Charles Spurgeon – inspires us to proclaim the gospel
1834 – 1892
Charles Haddon Spurgeon was born in Kelvedon, Essex, the first of 17 children. Converted in Colchester at 16, just a year later he became the pastor of Waterbeach Chapel in Cambridge, despite having no formal theological education. What he lacked in formal training, however, he made up for in personal study – collecting and reading over 5000 volumes of theological books over the course of his life. Aged 19, Spurgeon moved to Southwark, London, and began his ministry at New Park Street Church (later named the Metropolitan Tabernacle), where he would remain for the next 38 years, until he died, aged 57. He was married to Susannah, with twin sons – Charles and Thomas. Despite his relatively short life – which was full of mental suffering and physical pain – Spurgeon was relentless in his gospel preaching ministry.

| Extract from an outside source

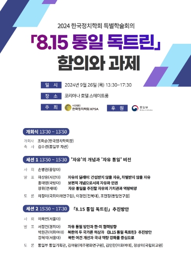 [뉴스서울] 통일부는 9월 26일 ‘「8.15 통일 독트린」 함의와 과제’를 주제로 개최되는 「한국정치학회 특별학술회의」를 후원하고, 개회식(13:30~50)에 김수경 통일부 차관이 참석하여 축사할 예정이라고 밝혔다.

He was a man who loved people – he founded an orphanage, cared for a church with 4000 members and personally replied to more than 500 letters a week! And that’s just scratching the surface – over the course of his life he founded 66 religious and charitable institutions .
He was a man who contended for the faith against encroaching liberalism (theological compromise) within the Baptist Union (in what became known as the Downgrade Controversy); he was willing to be vilified, even by his own peers, for the truth of God’s Word.
But most importantly, he was a man who gave his life to preaching Bible-saturated sermons. He regularly preached to over 5000 people on a Sunday through which many thousands were saved. His sermons sold around 20,000 copies a week and were translated into twenty languages, and his collection of sermons still stands “as the largest set of books by a single author in the history of Christianity”. One of his sons warmly said of his father that ‘There was no one who could preach like my father. In inexhaustible variety, witty wisdom, vigorous proclamation, loving entreaty, and lucid teaching, with a multitude of other qualities, he must, at least in my opinion, ever be regarded as ‘the prince of preachers’.’